Thanks for all the great insight, Matt!
Three questions:
1. What about the conventional, traditional wisdom that you should always/only raise money when you DON’T need it?
2. Where’re your board, current investors, mentors, and advisers on this matter? Should you be deciding on your own what funding path to pursue, seeking their advice, getting their permission, etc.? How confident are you they they don’t already have expectations about how future rounds will be handled? Should funding status be a regular board meeting agenda item?
3. Should you be choosing VCs and early investors based on their ability to do more of this work for you?
Thanks for the comment Jack:
1. Lots of nuances here, but generally true.

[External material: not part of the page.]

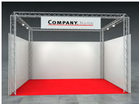
Example: 20sqm row stand
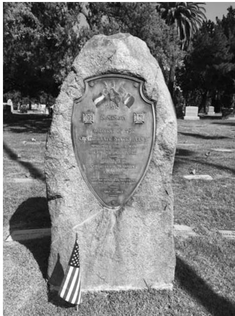
Erected in 1925, this memorial to Confederate soldiers "who have died or may die on the Pacific coast" stood in Hollywood Forever Cemetery until 2017. It was removed shortly after the white supremacist riot in Charlottesville, Virginia, that August.

Given its long proslavery history and enduring Southern connections, Los Angeles was a fitting location for the West's first major Confederate memorial. In 1925, the Confederate Monument Association of Los Angeles, in conjunction with the UDC, erected a six-foot granite structure in Hollywood Cemetery. It was a tribute to the wartime services of several dozen Confederate veterans who settled in the region after the war and took their final rest under Southern California soil. 26 In anticipation of the monument's unveiling, California chapters of the UDC hosted several large gatherings. That spring in Pasadena, for instance, a hundred Southern women, "all bubbling with typical Southern hospitality," hosted the president of the UDC, who entertained the crowd with "a number of southern stories in the negro dialect," according to the Los Angeles Times . 27 The UDC and the Confederate Monument Association of Los Angeles would eventually purchase seventy-five plots around the monument for soldiers and their families. For years to come, the region's memorial associations decorated the graves of their fallen soldiers and hosted commemorative gatherings on the cemetery plot. 28

Certainly the worst time to raise if when you’re truly running out of cash. As to whether you should be raising when you 1-2 years of cash in the bank… depends a bit on the circumstances – are there enough investors circling around that you can do a quick process? Are the terms attractive? Will you really be able to put that money to work efficiently?
2. They should be very involved. Helping filtering the inbound, making introductions, advising on the process, etc. Funding certainly is a regular board item.
3. That’s certainly one criteria. Everything else being equal, a strong board (with strong VCs) should help immensely with the next rounds of funding.